Dennis told me right after the wedding ceremony, during the reception in fact, that stepdads were better than real dads because they stepped up when real dads stepped down. I smiled and didn’t believe him. But lately—
“Ladybug,” Dad said. The worst nickname ever. “I’m sorry”—the two words he always started off with in a conversation with me—“I know I was supposed to call”—but—“but things have been”—chaotic… insane… busy… choose your own word in place—“it’s been—”
Dad was slipping in his excuses. I could have sworn I heard someone yell his name. Maybe his train of thought was off, or maybe the explanations were running thin, but it was like his mind was elsewhere.
“Dad, is everything okay?” I asked.
“Of course, Ladybug,” he said, though his voice was shaky.
“You can tell me anything.”
“Ladybug, you’re better off not knowing some things.”
“Sergeant!” I could hear the man clearly that time.
Dad sighed. “Ladybug, I’m sorry but I’ve got to go—”
“Dad, you seem worried.”
“I am.”
The dial tone clicked, and I stood there in the kitchen, staring at my mom, who was staring at me with her arms crossed and her foot tapping.
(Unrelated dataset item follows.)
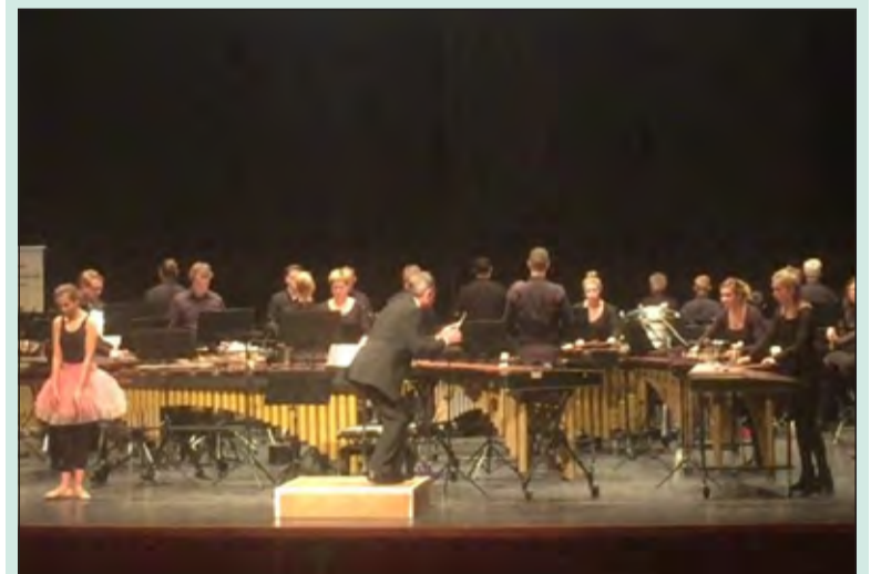
Zaterdag 5 november viel de Melodie Percussiegroep in de prijzen op een concours in Hoozeveen.

“Your dad,” she said, but it was more of a statement than a question.
“Yes.”
“I should have known. He has no concept of time.”
Chapter Thirteen
The lingering smell of the rotting pumpkins set the mood—at least for me. The Harvest Party/Welcome Party had waited until after Thanksgiving to address the task of Halloween cleanup. Typical. Every other local was gushing over the invited guests. The ones who’d shown, anyway. Director Norman Edman looked intimidating, though his wire-rim glasses were smudged and his scraggly beard—I think you’d call that a beard—matched his hair, which looked like he hadn’t combed it in a week and was incredibly shaggy and wouldn’t fit in his baseball cap with the word Eve embroidered on. Granny would have made him get a haircut. His voice was groggy like he had been nonstop yelling. I was still intimidated by his presence. He had just sent the screenwriter—Eddie Payne, a “wildly charismatic genius”—back to the typewriter for a “rewrite” to fix the “issues” that he deemed “issues.”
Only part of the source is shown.